We have developed a bioinformatics tool, TREAT, which addresses the current challenges in analyzing and interpreting targeted and whole exome sequencing data. The annotations provided by TREAT have been carefully evaluated and selected from a pool of available open source tools and databases, and complimented by additional in-house developed annotations (details at the TREAT website). The variant reports in Excel format integrate the visualizations of the sequence alignment at variant positions, pathways and expression specificity of the variant hosting genes via clickable hyperlinks for each reported INDELs and SNVs. In addition, the summary of the targeted resequencing results is stored in a centralized HTML report with links to the TREAT website, the targeted region coverage report and the read QC report, the description of the TREAT workflow, and links to the website of the annotation tools and databases.
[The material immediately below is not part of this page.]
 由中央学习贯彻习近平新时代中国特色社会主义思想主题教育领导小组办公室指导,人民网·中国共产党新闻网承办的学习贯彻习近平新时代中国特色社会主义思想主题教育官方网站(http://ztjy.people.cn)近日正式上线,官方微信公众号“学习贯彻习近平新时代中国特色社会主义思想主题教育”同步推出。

For maximum flexibility, two versions of TREAT were implemented: an annotation only version, and a version integrating read alignment, variant calling and annotations. Both versions can be downloaded as local installations or as Amazon Cloud images which makes TREAT available for users with no access to local bioinformatics infrastructures. By targeting all user groups and enabling rapid integration of emerging analytic methods, we believe that TREAT provides a sustainable NGS analytic workflow with wide applicability to the research community.
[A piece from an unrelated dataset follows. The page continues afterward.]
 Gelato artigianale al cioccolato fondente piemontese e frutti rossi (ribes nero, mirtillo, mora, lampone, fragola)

We plan to continue adding new functionality and features to TREAT to make it a comprehensive tool for targeted and exome analysis. These include the development of an in-house variant database that collects all variants detected from hundreds of individuals with various types of diseases using exome and whole genome sequencing. This database will provide critical annotations whether the observed variants are truly ‘novel’ or disease specific. In addition, we are in the process of making TREAT applicable to whole genome sequencing data analysis, this would require adding annotation tracks for non-coding regions such as the conservations and regulatory domains.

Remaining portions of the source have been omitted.